Officials from LISC and other agencies will explain the program and seek locals’ input at a public kickoff meeting Saturday at Betances Houses, a focal point of the initiative.
“The residents in the neighborhood are really the community experts,” said Zarana Sanghani of LISC. “If they’re involved, then we can create the right plan for the community.”
The federal grant program, called Choice Neighborhoods, is overseen by the U.S. Department of Housing and Urban Development and is part of a larger White House initiative aimed at revitalizing high-poverty neighborhoods.
The idea is to unite the private and public agencies working in a particular community with its residents, business people and other leaders to formulate a broad plan to improve the local housing, schools, parks, public safety, economy and other elements that shape neighborhoods.
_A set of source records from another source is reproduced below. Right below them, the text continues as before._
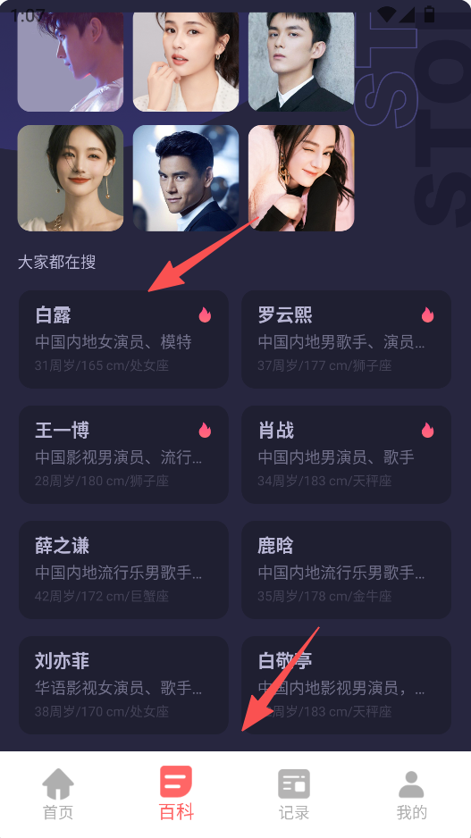 2、点击底部“百科”,能看到“大家都在搜”的明星推荐卡片。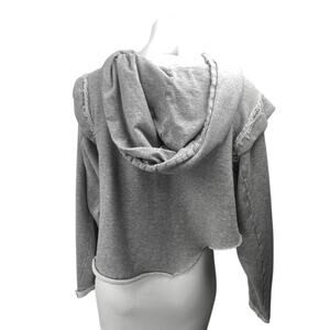Free People Women's Gray Distressed Long Sleeve Hooded Hoodie Crop Sweatshirt M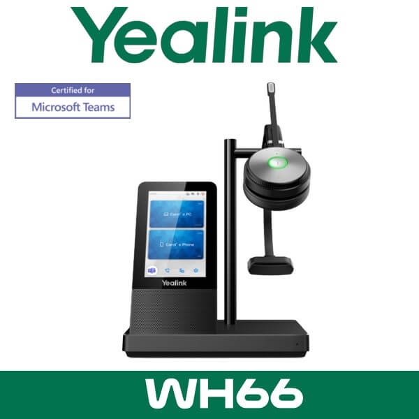 The Yealink  WH66 Mono Teams Dubai is the Industry-leading DECT wireless headset, with WH66 Dual and WH66 Mono two models, opening an entirely new form of desktop collaboration. Work seamlessly with major UC platforms and integrate natively with Yealink IP Phones. 4.0 inch (480 x 800) capacitive touch screen of base offers newly work experience, just one touch, all control. Act as a workstation, managing phone calls, connecting with multiple devices (desk phone/mobile phone/computer), charging mobile phone wirelessly, and even playing a speakerphone’s role. Best of all, deploying such a multifunctional workstation only needs to plug directly.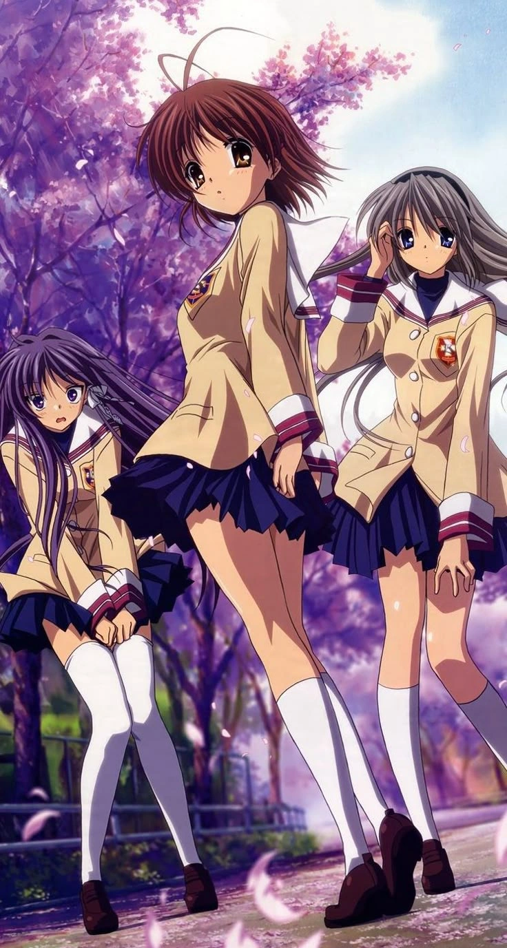 Сюжет: Томоя Окадзаки — ученик старшей школы, потерявший интерес к жизни. Однако встреча с застенчивой Нагиса Фурукава меняет всё. Вместе они начинают искать смысл в школе и жизни. Это аниме — трогательная драма, которая сначала вызывает улыбки, а затем заставляет плакать.

The Mott Haven study will focus on a portion of the neighborhood that extends from Morris Ave. east to Jackson Ave. and from 149th St. south to 132nd St. During the two-year period of the grant, several committees will speak with locals and look at data to figure out what issues most concern residents, what services already exist to address them and whether those programs can be improved or new ones are necessary.
These findings will then be folded into a neighborhood-wide “transformation plan,” which will include specific steps for carrying out the recommendations.
“Rather than looking at a single solution, we’re looking at a range of solutions for a specific community,” said Natasha Lifton, director of NYCHA’s Office of Public-Private Partnerships.
As part of the study, the research and advocacy group New Yorkers for Parks will conduct a block-by-block analysis of the neighborhood’s open spaces, including its playgrounds, ball fields, community gardens and more.
“Once we have that data, then we can work with the community to think about how you interpret that and apply it to real recommendations,” said Holly Leicht, the group’s executive director.
LISC, the coordinating agency, has already met with nearly 100 different groups that work in Mott Haven and started speaking with residents, said Jessica Guilfoy, LISC’s New York deputy director.
Certain issues emerged early and often, Guilfoy said, including high crime, the difficulty of finding healthy food and the lack of job opportunities.
Residents around three developments — the Betances, Mott Haven and Patterson Houses — cited similar concerns Monday.
One elderly Patterson resident who declined to give her name called safety a serious issue and said that when police are not around, youths in the development “go wild.”
Isaac Alvarez, 19, a Mott Haven House resident, mentioned the long waits for NYCHA to make building repairs and the chaotic conditions in some local schools.
“It’s a whole bunch of kids from different projects who don’t like each other, then they put them all in the same schools,” Alvarez said. “It’s not a good idea.”
Adrian Davis, 31, who lives with her 3-year-old son near Betances, said more programs were needed for local children, especially boys, such as free karate or boxing classes, Boy Scouts and mentoring.
“Where is all of that?” she asked.
Wallace Hasan, the president of Patterson’s tenant association, said a range of improvements are needed throughout the development and the surrounding neighborhood.
“There’s a mountain of things,” he said, before suggesting that the planning grant could help address them. “There’s a lot of things that are possible.”
The public kickoff meeting will be held from 2 to 3:30 p.m. on April 20 at Betances Community Center at 547 E. 146th Street. Another meeting will be held from 6 to 7:30 p.m. on April 24 at the Brook Houses Community Center at 455 E. 148th St.